TASK INSTRUCTIONS: Leave the pictures out and transcribe every record exactly.

INFORMATION GIVEN Block Start

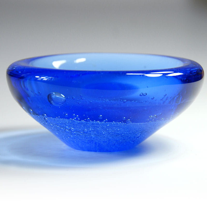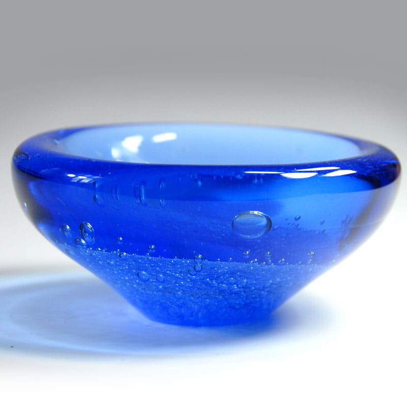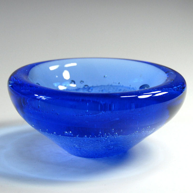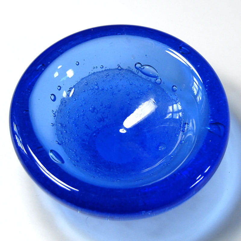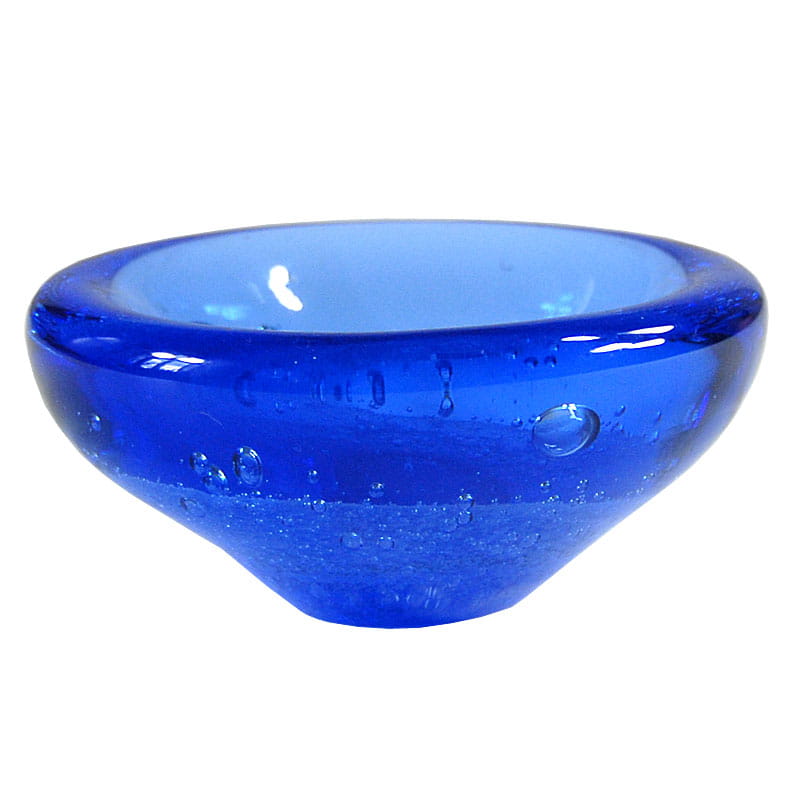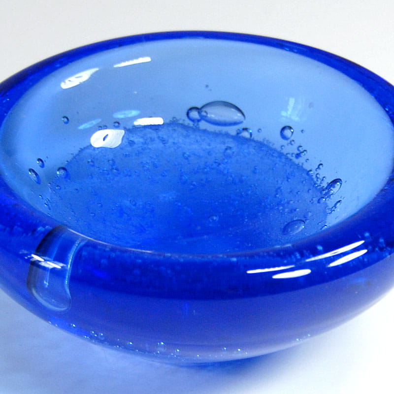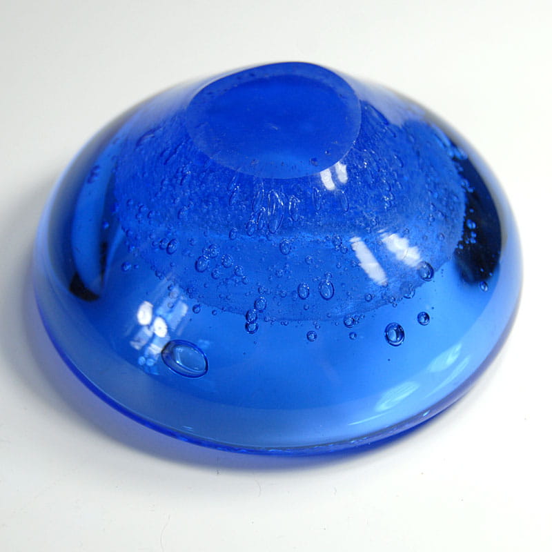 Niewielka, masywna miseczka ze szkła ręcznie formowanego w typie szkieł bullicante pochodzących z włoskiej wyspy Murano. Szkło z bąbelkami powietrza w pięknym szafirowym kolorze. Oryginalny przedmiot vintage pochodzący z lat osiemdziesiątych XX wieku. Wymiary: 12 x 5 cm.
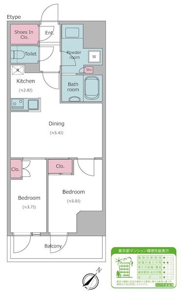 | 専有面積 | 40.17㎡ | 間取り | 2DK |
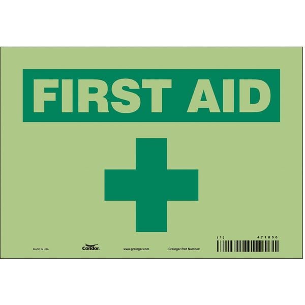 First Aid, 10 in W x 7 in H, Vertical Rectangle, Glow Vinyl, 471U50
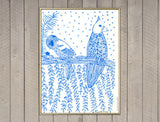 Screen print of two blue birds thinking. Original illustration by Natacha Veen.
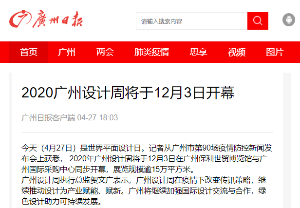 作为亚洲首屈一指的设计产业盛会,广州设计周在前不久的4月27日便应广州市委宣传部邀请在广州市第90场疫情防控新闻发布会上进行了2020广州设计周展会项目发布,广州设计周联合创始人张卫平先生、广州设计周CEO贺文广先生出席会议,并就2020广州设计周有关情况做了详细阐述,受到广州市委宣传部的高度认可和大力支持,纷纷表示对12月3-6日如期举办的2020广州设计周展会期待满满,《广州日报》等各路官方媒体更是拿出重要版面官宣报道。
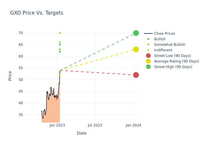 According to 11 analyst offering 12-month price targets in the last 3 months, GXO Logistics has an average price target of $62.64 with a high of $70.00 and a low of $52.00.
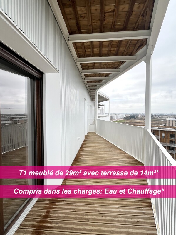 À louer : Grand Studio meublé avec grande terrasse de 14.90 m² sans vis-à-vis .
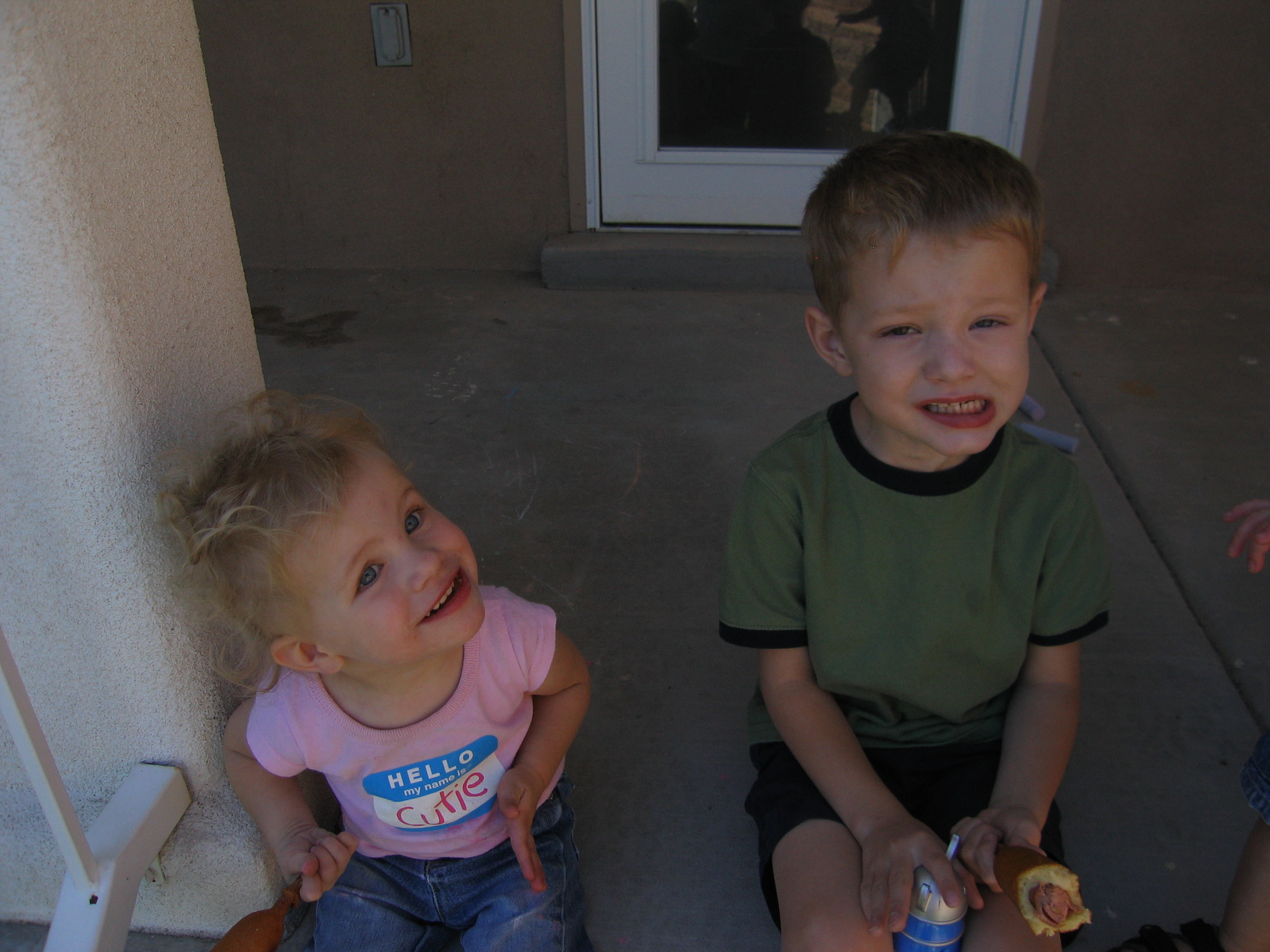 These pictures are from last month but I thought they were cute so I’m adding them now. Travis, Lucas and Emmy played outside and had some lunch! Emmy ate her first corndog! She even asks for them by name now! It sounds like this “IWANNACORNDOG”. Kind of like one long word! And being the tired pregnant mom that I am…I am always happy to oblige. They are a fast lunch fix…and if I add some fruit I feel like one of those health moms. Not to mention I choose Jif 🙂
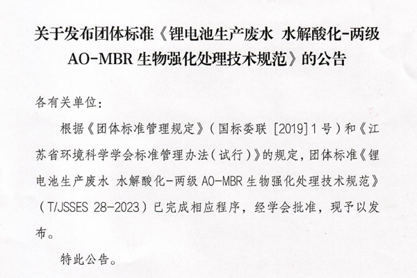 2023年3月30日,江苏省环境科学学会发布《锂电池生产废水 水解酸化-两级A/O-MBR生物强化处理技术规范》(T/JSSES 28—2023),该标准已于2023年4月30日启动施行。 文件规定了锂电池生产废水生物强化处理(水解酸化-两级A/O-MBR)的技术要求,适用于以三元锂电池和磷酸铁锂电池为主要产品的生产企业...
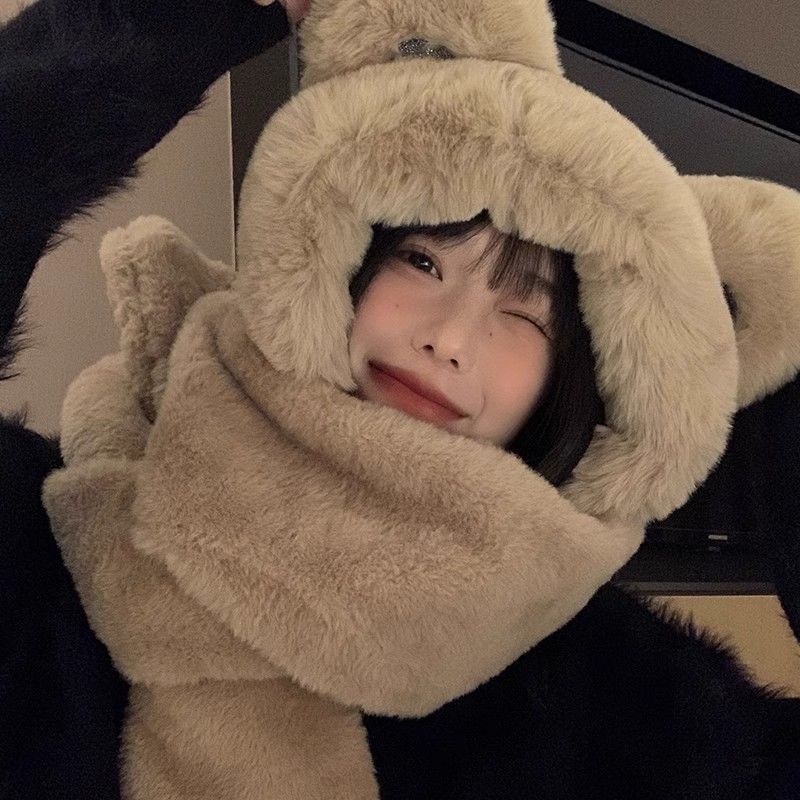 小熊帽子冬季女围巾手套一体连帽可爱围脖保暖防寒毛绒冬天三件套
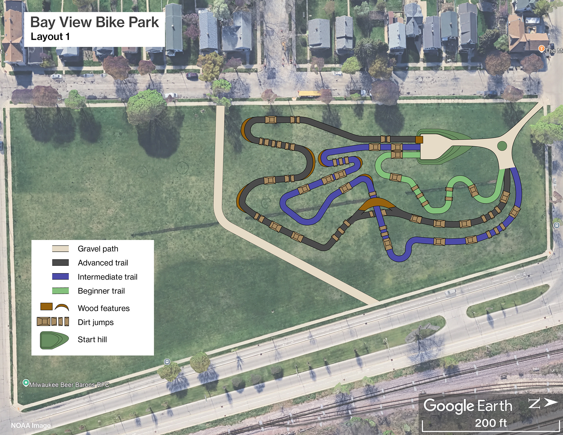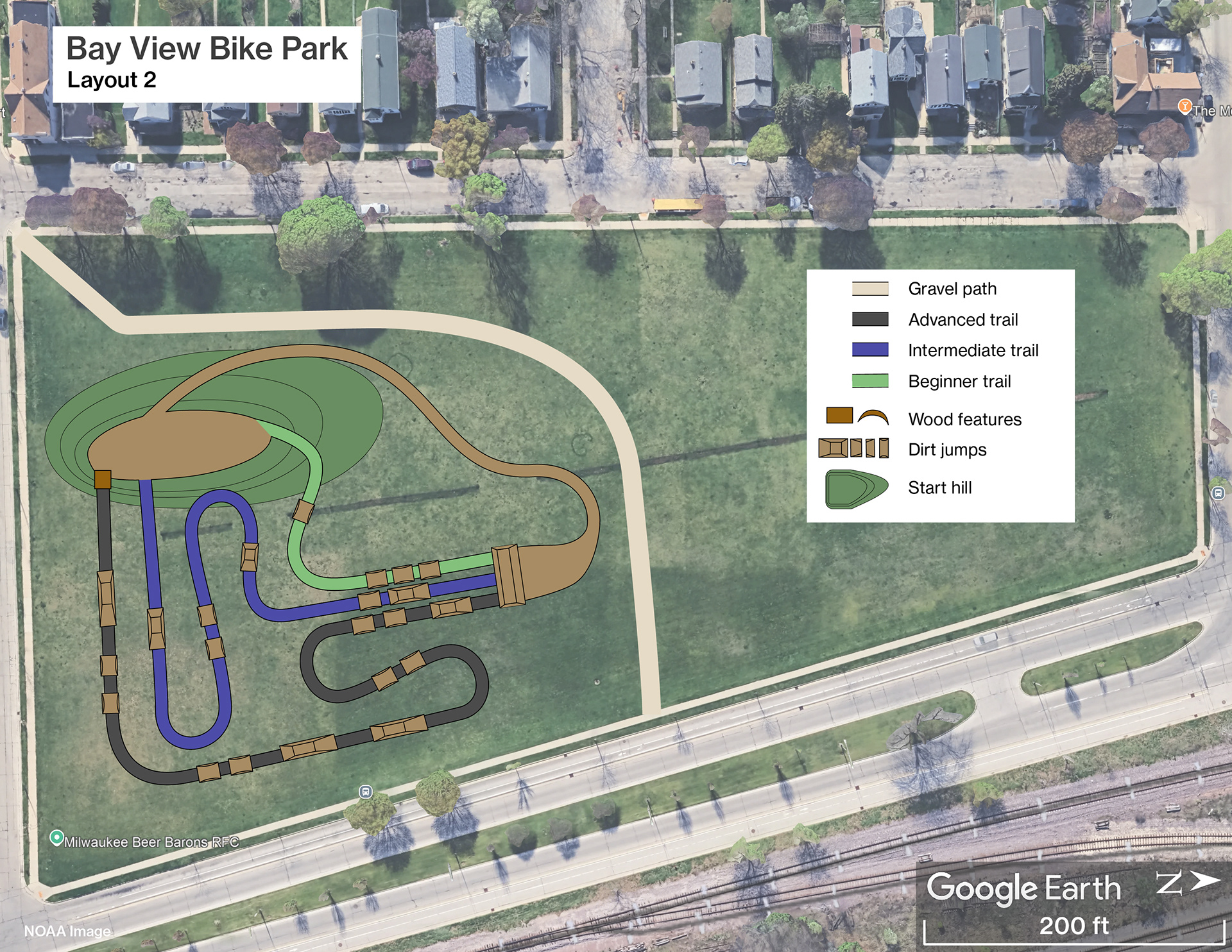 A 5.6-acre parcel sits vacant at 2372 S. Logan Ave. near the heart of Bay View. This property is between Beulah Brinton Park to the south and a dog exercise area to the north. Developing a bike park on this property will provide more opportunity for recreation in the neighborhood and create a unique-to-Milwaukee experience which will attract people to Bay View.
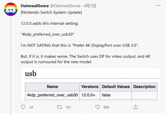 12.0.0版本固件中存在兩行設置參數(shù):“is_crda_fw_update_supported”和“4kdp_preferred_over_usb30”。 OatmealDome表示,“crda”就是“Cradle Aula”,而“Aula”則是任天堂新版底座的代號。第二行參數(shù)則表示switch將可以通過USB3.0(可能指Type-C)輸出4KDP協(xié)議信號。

INFORMATION GIVEN Block End

RESPONSE BELOW:
 Niewielka, masywna miseczka ze szkła ręcznie formowanego w typie szkieł bullicante pochodzących z włoskiej wyspy Murano. Szkło z bąbelkami powietrza w pięknym szafirowym kolorze. Oryginalny przedmiot vintage pochodzący z lat osiemdziesiątych XX wieku. Wymiary: 12 x 5 cm.
 | 専有面積 | 40.17㎡ | 間取り | 2DK |
 First Aid, 10 in W x 7 in H, Vertical Rectangle, Glow Vinyl, 471U50
 Screen print of two blue birds thinking. Original illustration by Natacha Veen.
 作为亚洲首屈一指的设计产业盛会,广州设计周在前不久的4月27日便应广州市委宣传部邀请在广州市第90场疫情防控新闻发布会上进行了2020广州设计周展会项目发布,广州设计周联合创始人张卫平先生、广州设计周CEO贺文广先生出席会议,并就2020广州设计周有关情况做了详细阐述,受到广州市委宣传部的高度认可和大力支持,纷纷表示对12月3-6日如期举办的2020广州设计周展会期待满满,《广州日报》等各路官方媒体更是拿出重要版面官宣报道。
 According to 11 analyst offering 12-month price targets in the last 3 months, GXO Logistics has an average price target of $62.64 with a high of $70.00 and a low of $52.00.
 À louer : Grand Studio meublé avec grande terrasse de 14.90 m² sans vis-à-vis .
 These pictures are from last month but I thought they were cute so I’m adding them now. Travis, Lucas and Emmy played outside and had some lunch! Emmy ate her first corndog! She even asks for them by name now! It sounds like this “IWANNACORNDOG”. Kind of like one long word! And being the tired pregnant mom that I am…I am always happy to oblige. They are a fast lunch fix…and if I add some fruit I feel like one of those health moms. Not to mention I choose Jif 🙂
 2023年3月30日,江苏省环境科学学会发布《锂电池生产废水 水解酸化-两级A/O-MBR生物强化处理技术规范》(T/JSSES 28—2023),该标准已于2023年4月30日启动施行。 文件规定了锂电池生产废水生物强化处理(水解酸化-两级A/O-MBR)的技术要求,适用于以三元锂电池和磷酸铁锂电池为主要产品的生产企业...
 小熊帽子冬季女围巾手套一体连帽可爱围脖保暖防寒毛绒冬天三件套
 A 5.6-acre parcel sits vacant at 2372 S. Logan Ave. near the heart of Bay View. This property is between Beulah Brinton Park to the south and a dog exercise area to the north. Developing a bike park on this property will provide more opportunity for recreation in the neighborhood and create a unique-to-Milwaukee experience which will attract people to Bay View.
 12.0.0版本固件中存在兩行設置參數(shù):“is_crda_fw_update_supported”和“4kdp_preferred_over_usb30”。 OatmealDome表示,“crda”就是“Cradle Aula”,而“Aula”則是任天堂新版底座的代號。第二行參數(shù)則表示switch將可以通過USB3.0(可能指Type-C)輸出4KDP協(xié)議信號。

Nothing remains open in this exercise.